A recent article in MIT Technology Review (probably paywalled) is about dealing with electric vehicle battery fires.

https://www.technologyreview.com/2025/02/24/1111551/ev-lithium-ion-battery-fire-first-responders-firefighters/

It's based on the research by an EV battery pack designer who is also a volunteer firefighter, and who now consults with fire departments on this issue. His conclusion: let them burn, while trying to isolate them from surrounding vehicles and structures. Isolating can mean anything from covering them with a fire blanket, to (as one case study illustrated) moving the EV to a vacant lot with a forklift while it is burning. Wow.

Fires need three things to continue to burn: fuel, oxygen, and heat. Typical firefighting techniques involve interrupting one or more of these constituents. But lithium battery packs provide all three all by themselves, as part of a "thermal runaway" chemical reaction.

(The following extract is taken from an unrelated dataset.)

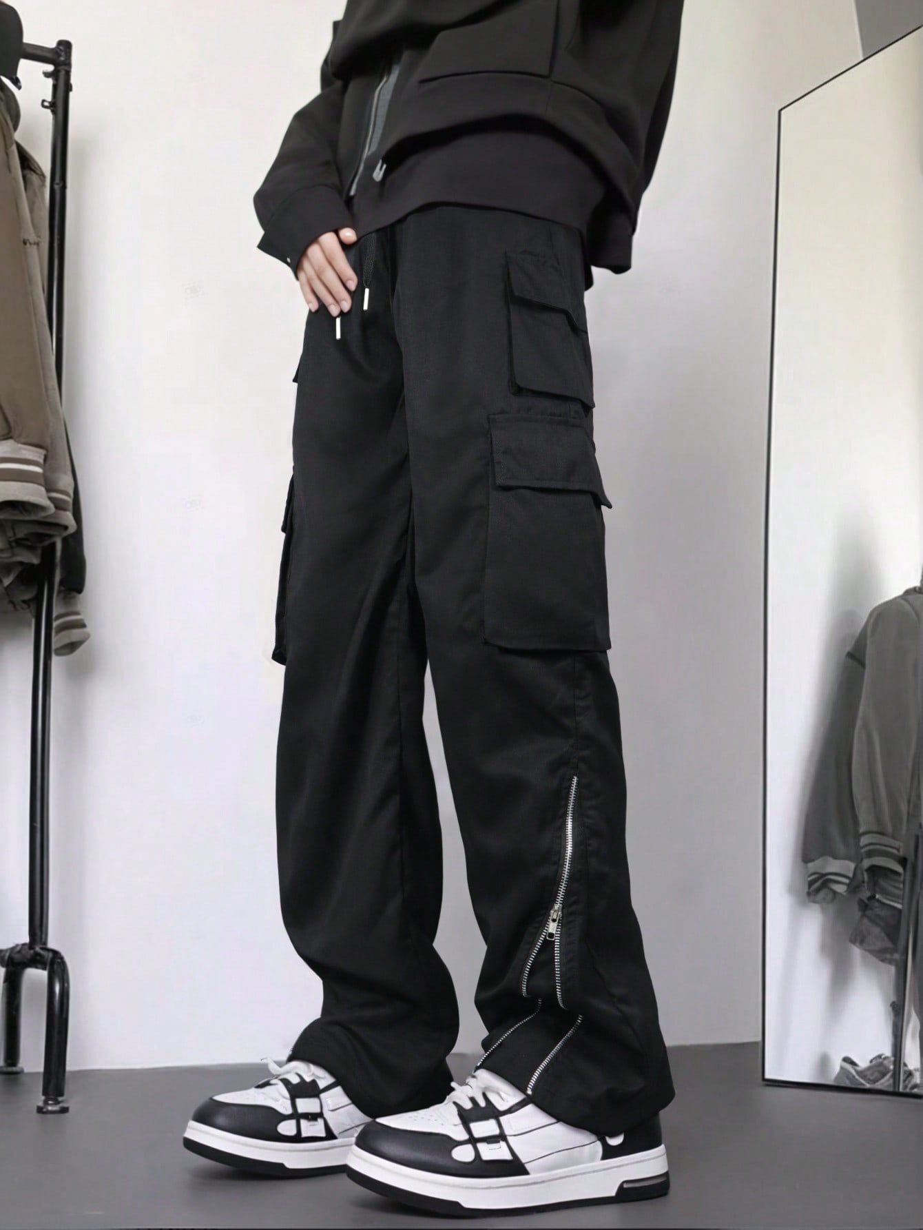 Channel sleek and functional style with these Men’s Japanese Streetwear Cargo Pants in deep black. Featuring multiple utility pockets, metal zipper accents, and a drawstring waist, these pants are inspired by modern Tokyo fashion and techwear aesthetics. Designed with a natural mid-rise fit, non-stretch woven polyester, and a long, straight-leg cut, they offer comfort, durability, and bold street style. Whether paired with oversized tops or layered with outerwear, these Japanese techwear trousers are perfect for daily urban looks, skate style, or casual street missions.

Traditional vehicle fires are typically centered around the easily accessible engine compartment, and can usually be put out in minutes with hundreds of gallons of water. EV fires are centered around the huge battery pack often underneath the vehicle, and - if they can be put out at all - may take hours and thousands of gallons of water, and may later spontaneously reignite.

The article has many worrisome case studies, including one where an EV owner accidentally drove his car off a pier in Florida. When the battery pack became saturated with electrically conductive salt water, it shorted and ignited... and continued to burn under thirty feet of water. Wow again. EV batteries igniting when saturated with salt water from flooding in coastal areas due to hurricanes is apparently a growing phenomena.

As a typical homeowner with lots of lithium battery packs - some quite large, for power tools - I've gotten concerned enough about this that I don't leave the packs on chargers when no one is at home (not even phones, laptops, or tablets). And I have a small chest of drawers inside the house just inside the door from the garage in which I store my expensive charged lithium battery packs (which don't like the cold either, but that's more of a longevity issue). I do keep rechargeable gear in both automobiles and on both motorcycles (jumper battery packs, tire inflators), and I worry about that.

Mrs. Overclock recently bought some small fire blankets, one of which is now out in the garage next to the wall mounted fire extinguisher.

Update: another recent article on the same topic from the same source, the gist being preventing EV battery fires is a lot more practical than extinguishing them.